Verizon Samsung A10e recently updated to Android 11. Tried to use mobile hotspot feature. Laptop says I'm fully connected. The phone says the laptop is connected. The phone recognizes the correct IP & MAC addresses of the laptop. But no websites can be loaded. Windows Network Diagnostics troubleshooting couldn't identify the problem.. Task Manager shows laptop trying to send data, but no data is received other than the occasional 8 Kbps blip.

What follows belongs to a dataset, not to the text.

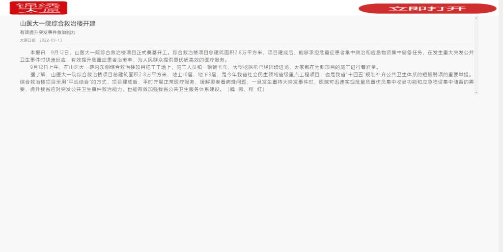 太原日报|山医大一院综合救治楼开建 有效提升突发事件救治能力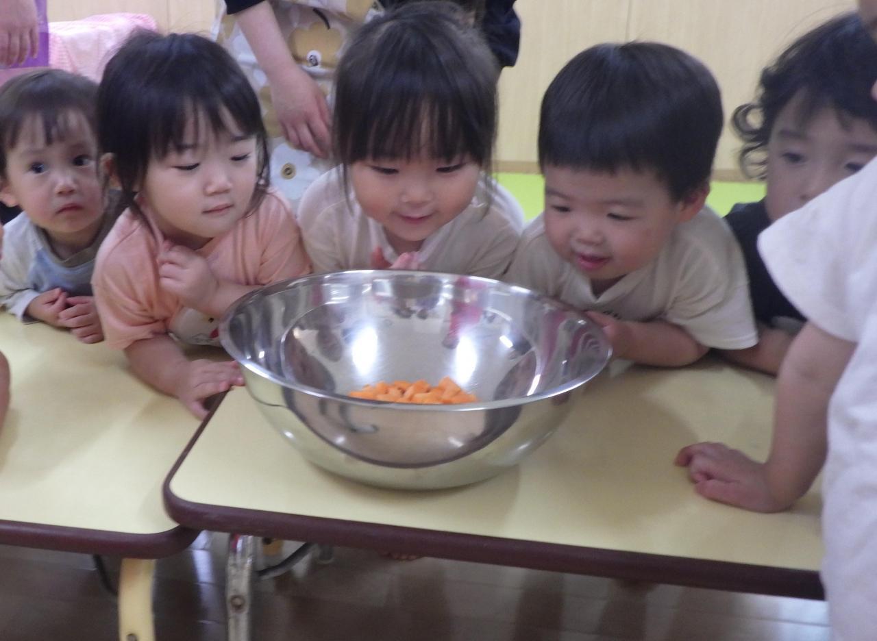 ♪にんじーん、たまねぎ~・・・と、保育者が歌いながら、食材をお鍋に入れます。『おいしいカレーになあれ💕』😋

Also tried USB tethering. Same problem. Laptop says Connected. I can transfer files to and fro between the laptop and phone using copy and paste. But no internet for the laptop. Phone internet works just fine.

It has to be a problem with the A11 update because I have 2 laptops neither of which work and my friend came over and my laptop works great on his Android hotspot.

One final clue: the "MyIPaddress" ap on my phone shows a main or I guess public ip address that's apparently associated with the Verizon data server, and a local ip address. The latter I can successfully ping the latter but not the former from the laptop.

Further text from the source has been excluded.